In the midst of this company Henry Bohun was rather shy and uncomfortable. He was suspicious always that they would laugh at his Russian (what mattered it if they did?), and he was distressed by the noise and boisterous friendliness of every one. I could not help smiling to myself as I watched him. He was learning very fast. He would not tell any one now that “he really thought that he did understand Russia,” nor would he offer to put his friends right about Russian characteristics and behaviour. He watched the young giggling girls, and the fat Rozanov, and the shrill young man with ill-concealed distress. Very far these from the Lizas and Natachas of his literary imagination—and yet not so far either, had he only known.

He pinned all his faith, as I could see, to Vera Michailovna, who did gloriously fulfil his self-instituted standards. And yet he did not know her at all! He was to suffer pain there too.

At dinner he was unfortunately seated between one of the giggling girls and a very deaf old lady who was the great-aunt of Nina and Vera. This old lady trembled like an aspen leaf, and was continually dropping beneath the table a little black bag that she carried. She could make nothing of Bohun’s Russian, even if she heard it, and was under the impression that he was a Frenchman. She began a long quivering story about Paris to which she had once been, how she had lost herself, and how a delightful Frenchman had put her on her right path again.... “A chivalrous people, your countrymen”.... she repeated, nodding her head so that her long silver earrings rattled again—“gay and chivalrous!” Bohun was not, I am afraid, as chivalrous as he might have been, because he knew that the girl on his other side was laughing at his attempts to explain that he was not a Frenchman. “Stupid old woman!” he said to me afterwards. “She dropped her bag under the table at least twenty times!”

Meanwhile the astonishing fact was that the success of the dinner was Jerry Lawrence. He was placed on Vera Michailovna’s left hand, Rozanov, the Moscow merchant near to him, and I did not hear him say anything very bright or illuminating, but every one felt, I think, that he was a cheerful and dependable person. I always felt, when I observed him, that he understood the Russian character far better than any of us. He had none of the self-assertion of the average Englishman and, at the same time, he had his opinions and his preferences. He took every kind of chaff with good-humoured indifference, but I think it was above everything else his tolerance that pleased the Russians. Nothing shocked him, which did not at all mean that he had no code of honour or morals. His code was severe and stern, but his sense of human fallibility, and the fine fight that human nature was always making against stupendous odds stirred him to a fine and comprehending clarity. He had many faults. He was obstinate, often dull and lethargic, in many ways grossly ill-educated and sometimes wilfully obtuse—but he was a fine friend, a noble enemy, and a chivalrous lover.
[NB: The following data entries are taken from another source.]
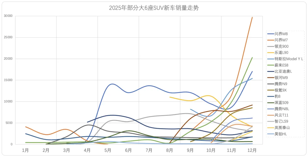 从2025年初拥有销量数据的60款产品,到年末的接近80款,6/7座SUV市场的参与者增长了1/3,而销量规模甚至增加了2倍。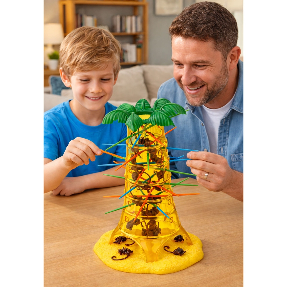 Στήστε τον φοίνικα, περάστε τα πολύχρωμα ραβδάκια και κρεμάστε τις μαϊμούδες. Οι παίκτες εναλλάσσονται ρίχνοντας το ζάρι και τραβώντας ραβδάκι στο χρώμα που ορίζει. Κάθε απερίσκεπτη κίνηση μπορεί να ρίξει μαϊμούδες – κερδίζει όποιος ρίξει τις λιγότερες. Ιδανικό για οικογενεινά απογεύματα, παιδικά πάρτι και γρήγορα μίνι παιχνίδια.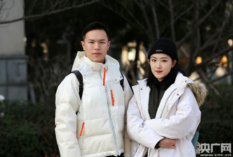1月24日,來自河北秦皇島的考生韋懿寧(右)在結束最后一場考試后和同學在浙江傳媒學院留影。(央廣網(wǎng)記者 魏煒 攝)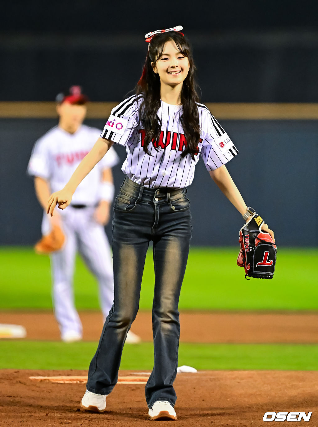 경기에 앞서 가수 규빈이 시구를 하고 있다. 2025.09.30 /jpnews@osen.co.kr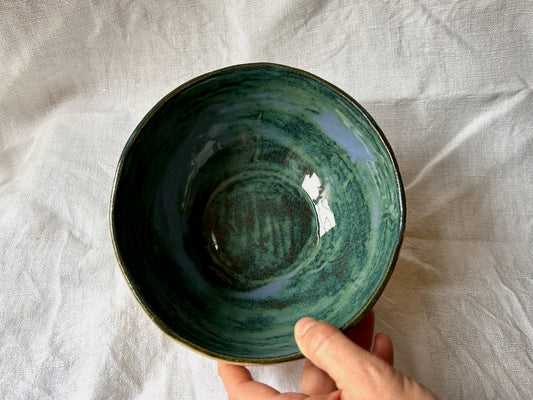 Bol à nouilles / Saladier - ⌀17*7 cm - Grès Doux - Vert Lunaire Foncé

There was nothing mean nor petty in him, and his views of life and the human soul were wider and more all-embracing than in any Englishman I have ever known. You may say of course that it is sentimental nonsense to suppose at all that the human soul is making a fine fight against odds. Even I, at this period, was tempted to think that it might be nonsense, but it is a view as good as another, after all, and so ignorant are all of us that no one has a right to say that anything is impossible!